(Data entries)
########################################

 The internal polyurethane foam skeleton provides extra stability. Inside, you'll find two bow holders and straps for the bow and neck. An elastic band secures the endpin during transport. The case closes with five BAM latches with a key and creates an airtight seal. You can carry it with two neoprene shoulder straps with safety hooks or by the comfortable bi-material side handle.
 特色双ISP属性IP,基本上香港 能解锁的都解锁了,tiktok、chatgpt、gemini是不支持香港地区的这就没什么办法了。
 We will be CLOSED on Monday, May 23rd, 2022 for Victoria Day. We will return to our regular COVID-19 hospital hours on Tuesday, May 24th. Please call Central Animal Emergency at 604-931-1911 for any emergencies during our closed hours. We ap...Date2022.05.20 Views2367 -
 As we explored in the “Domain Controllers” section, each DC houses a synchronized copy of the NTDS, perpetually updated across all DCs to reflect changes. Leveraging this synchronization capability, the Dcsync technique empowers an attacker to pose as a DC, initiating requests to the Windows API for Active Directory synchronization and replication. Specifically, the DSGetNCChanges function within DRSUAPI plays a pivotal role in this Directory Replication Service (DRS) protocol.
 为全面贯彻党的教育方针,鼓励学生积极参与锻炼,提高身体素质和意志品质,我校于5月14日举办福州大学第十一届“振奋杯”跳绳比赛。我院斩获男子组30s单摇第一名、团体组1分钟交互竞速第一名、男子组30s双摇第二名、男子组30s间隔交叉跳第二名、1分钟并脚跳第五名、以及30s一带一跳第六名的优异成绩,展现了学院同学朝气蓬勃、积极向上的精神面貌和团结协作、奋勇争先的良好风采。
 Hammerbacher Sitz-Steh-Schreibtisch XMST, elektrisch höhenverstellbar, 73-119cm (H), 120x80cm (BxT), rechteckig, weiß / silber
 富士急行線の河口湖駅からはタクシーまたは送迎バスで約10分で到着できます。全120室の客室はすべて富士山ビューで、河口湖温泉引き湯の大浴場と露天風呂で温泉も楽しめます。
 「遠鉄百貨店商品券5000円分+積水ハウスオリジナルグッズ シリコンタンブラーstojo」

########################################

#### WHAT TO PRODUCE
Go through the records above and write each one out again exactly.

#### TASK RESULT
 The internal polyurethane foam skeleton provides extra stability. Inside, you'll find two bow holders and straps for the bow and neck. An elastic band secures the endpin during transport. The case closes with five BAM latches with a key and creates an airtight seal. You can carry it with two neoprene shoulder straps with safety hooks or by the comfortable bi-material side handle.
 特色双ISP属性IP,基本上香港 能解锁的都解锁了,tiktok、chatgpt、gemini是不支持香港地区的这就没什么办法了。
 We will be CLOSED on Monday, May 23rd, 2022 for Victoria Day. We will return to our regular COVID-19 hospital hours on Tuesday, May 24th. Please call Central Animal Emergency at 604-931-1911 for any emergencies during our closed hours. We ap...Date2022.05.20 Views2367 -
 As we explored in the “Domain Controllers” section, each DC houses a synchronized copy of the NTDS, perpetually updated across all DCs to reflect changes. Leveraging this synchronization capability, the Dcsync technique empowers an attacker to pose as a DC, initiating requests to the Windows API for Active Directory synchronization and replication. Specifically, the DSGetNCChanges function within DRSUAPI plays a pivotal role in this Directory Replication Service (DRS) protocol.
 为全面贯彻党的教育方针,鼓励学生积极参与锻炼,提高身体素质和意志品质,我校于5月14日举办福州大学第十一届“振奋杯”跳绳比赛。我院斩获男子组30s单摇第一名、团体组1分钟交互竞速第一名、男子组30s双摇第二名、男子组30s间隔交叉跳第二名、1分钟并脚跳第五名、以及30s一带一跳第六名的优异成绩,展现了学院同学朝气蓬勃、积极向上的精神面貌和团结协作、奋勇争先的良好风采。
 Hammerbacher Sitz-Steh-Schreibtisch XMST, elektrisch höhenverstellbar, 73-119cm (H), 120x80cm (BxT), rechteckig, weiß / silber
 富士急行線の河口湖駅からはタクシーまたは送迎バスで約10分で到着できます。全120室の客室はすべて富士山ビューで、河口湖温泉引き湯の大浴場と露天風呂で温泉も楽しめます。
 「遠鉄百貨店商品券5000円分+積水ハウスオリジナルグッズ シリコンタンブラーstojo」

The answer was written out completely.